** SOURCE RECORDS follows **

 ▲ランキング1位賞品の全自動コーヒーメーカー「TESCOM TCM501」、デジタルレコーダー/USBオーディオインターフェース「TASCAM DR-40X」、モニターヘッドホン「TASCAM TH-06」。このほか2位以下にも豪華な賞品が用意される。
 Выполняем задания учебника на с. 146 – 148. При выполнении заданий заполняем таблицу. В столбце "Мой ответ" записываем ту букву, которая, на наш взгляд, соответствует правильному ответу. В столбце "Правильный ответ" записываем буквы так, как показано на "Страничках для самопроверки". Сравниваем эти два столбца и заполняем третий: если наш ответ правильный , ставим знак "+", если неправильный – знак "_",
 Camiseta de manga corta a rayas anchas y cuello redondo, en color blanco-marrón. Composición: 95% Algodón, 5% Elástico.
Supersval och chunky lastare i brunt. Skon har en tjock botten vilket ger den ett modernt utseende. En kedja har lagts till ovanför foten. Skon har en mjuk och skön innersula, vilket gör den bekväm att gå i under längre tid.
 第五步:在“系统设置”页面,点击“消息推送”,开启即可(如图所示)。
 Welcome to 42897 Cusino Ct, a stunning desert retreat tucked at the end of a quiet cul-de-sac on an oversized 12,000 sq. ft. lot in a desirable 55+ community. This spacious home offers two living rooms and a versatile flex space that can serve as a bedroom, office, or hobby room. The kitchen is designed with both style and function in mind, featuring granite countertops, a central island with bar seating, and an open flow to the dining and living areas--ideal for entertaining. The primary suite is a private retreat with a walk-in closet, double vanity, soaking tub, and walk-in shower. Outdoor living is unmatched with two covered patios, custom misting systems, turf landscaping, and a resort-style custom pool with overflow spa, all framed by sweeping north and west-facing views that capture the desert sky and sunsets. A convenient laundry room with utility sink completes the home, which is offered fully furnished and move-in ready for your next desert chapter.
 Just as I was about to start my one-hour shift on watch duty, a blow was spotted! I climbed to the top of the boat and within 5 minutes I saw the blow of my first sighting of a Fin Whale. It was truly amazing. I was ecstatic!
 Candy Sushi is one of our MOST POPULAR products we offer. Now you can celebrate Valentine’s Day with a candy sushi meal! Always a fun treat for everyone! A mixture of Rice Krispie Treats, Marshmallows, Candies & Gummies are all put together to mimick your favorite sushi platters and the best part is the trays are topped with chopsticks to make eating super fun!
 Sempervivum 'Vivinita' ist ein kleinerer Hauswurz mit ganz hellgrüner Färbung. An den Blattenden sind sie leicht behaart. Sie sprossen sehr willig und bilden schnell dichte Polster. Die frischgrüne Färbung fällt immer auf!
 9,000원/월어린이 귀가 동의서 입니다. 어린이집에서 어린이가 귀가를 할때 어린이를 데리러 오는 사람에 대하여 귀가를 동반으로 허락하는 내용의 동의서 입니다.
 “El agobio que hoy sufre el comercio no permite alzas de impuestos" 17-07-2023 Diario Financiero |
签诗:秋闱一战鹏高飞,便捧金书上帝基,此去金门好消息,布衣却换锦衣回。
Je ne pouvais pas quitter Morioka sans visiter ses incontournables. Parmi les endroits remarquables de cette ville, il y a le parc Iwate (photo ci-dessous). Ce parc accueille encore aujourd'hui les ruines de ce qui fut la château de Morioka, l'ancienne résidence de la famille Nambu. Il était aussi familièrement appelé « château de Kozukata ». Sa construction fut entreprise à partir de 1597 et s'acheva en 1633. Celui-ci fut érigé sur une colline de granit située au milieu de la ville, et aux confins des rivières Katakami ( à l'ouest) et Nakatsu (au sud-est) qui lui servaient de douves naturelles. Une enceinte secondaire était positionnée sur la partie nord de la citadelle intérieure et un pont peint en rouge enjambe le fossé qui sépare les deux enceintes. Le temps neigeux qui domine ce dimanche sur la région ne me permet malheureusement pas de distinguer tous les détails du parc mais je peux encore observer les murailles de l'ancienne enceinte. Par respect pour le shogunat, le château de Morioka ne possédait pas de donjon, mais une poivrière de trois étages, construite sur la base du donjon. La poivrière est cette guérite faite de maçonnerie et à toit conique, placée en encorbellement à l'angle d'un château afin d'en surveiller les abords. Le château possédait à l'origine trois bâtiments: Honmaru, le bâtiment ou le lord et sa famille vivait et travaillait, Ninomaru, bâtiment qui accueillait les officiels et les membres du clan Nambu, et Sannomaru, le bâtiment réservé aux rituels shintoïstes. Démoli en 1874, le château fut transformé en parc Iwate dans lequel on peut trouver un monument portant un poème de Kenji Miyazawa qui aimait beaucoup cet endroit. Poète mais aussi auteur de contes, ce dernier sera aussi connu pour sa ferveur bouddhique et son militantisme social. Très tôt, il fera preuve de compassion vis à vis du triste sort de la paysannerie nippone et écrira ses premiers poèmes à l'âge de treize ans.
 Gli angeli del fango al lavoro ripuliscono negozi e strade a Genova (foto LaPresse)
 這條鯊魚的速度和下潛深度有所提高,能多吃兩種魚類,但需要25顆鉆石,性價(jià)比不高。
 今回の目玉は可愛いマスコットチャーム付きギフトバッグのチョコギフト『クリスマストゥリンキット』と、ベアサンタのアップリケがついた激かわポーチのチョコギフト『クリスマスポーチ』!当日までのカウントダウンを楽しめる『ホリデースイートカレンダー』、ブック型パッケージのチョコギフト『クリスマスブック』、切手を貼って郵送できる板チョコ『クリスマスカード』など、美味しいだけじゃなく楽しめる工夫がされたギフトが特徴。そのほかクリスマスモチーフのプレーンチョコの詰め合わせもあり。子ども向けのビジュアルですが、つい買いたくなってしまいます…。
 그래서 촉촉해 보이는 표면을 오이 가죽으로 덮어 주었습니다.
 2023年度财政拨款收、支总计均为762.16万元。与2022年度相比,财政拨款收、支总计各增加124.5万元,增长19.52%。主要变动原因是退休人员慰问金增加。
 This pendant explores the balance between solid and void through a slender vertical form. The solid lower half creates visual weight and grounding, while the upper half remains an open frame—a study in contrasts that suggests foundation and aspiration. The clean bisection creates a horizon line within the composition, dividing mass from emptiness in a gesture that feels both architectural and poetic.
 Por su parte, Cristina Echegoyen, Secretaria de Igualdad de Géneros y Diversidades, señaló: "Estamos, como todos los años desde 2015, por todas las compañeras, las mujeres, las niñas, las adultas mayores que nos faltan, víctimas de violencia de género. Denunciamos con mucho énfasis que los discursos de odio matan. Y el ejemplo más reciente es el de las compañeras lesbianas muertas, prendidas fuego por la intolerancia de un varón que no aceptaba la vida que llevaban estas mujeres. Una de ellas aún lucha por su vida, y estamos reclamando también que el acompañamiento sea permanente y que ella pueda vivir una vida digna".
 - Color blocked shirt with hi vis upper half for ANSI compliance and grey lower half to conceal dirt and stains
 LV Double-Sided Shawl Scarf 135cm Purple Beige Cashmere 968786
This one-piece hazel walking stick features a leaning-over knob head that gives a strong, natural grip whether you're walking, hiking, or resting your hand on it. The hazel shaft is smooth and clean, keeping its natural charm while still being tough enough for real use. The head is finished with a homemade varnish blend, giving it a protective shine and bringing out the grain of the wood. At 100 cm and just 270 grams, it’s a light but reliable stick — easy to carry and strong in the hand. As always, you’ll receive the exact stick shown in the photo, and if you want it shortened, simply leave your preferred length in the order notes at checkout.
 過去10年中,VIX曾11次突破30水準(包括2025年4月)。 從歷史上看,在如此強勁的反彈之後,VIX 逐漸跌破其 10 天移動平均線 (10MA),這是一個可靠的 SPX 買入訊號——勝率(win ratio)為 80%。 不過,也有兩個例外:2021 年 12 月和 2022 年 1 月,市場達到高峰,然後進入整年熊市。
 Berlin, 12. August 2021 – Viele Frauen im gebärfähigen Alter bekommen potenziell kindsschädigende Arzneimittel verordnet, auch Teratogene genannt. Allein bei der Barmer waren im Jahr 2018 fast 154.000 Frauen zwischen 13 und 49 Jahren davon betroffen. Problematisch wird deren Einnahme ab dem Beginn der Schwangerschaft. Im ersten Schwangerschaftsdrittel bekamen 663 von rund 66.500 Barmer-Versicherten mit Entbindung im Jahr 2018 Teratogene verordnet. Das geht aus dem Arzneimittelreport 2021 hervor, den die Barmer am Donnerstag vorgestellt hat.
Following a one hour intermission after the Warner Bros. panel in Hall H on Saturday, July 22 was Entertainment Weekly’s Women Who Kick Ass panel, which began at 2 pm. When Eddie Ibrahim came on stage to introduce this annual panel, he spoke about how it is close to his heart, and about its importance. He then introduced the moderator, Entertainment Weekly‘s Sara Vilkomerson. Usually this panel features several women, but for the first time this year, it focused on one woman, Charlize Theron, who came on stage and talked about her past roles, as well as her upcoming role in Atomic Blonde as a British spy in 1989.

** End of SOURCE RECORDS **

* [HOW TO COMPLETE THIS TASK]:
Where a line of the data holds the word "within", copy that line.

* [EXERCISE SOLUTION]:
 Just as I was about to start my one-hour shift on watch duty, a blow was spotted! I climbed to the top of the boat and within 5 minutes I saw the blow of my first sighting of a Fin Whale. It was truly amazing. I was ecstatic!
 This pendant explores the balance between solid and void through a slender vertical form. The solid lower half creates visual weight and grounding, while the upper half remains an open frame—a study in contrasts that suggests foundation and aspiration. The clean bisection creates a horizon line within the composition, dividing mass from emptiness in a gesture that feels both architectural and poetic.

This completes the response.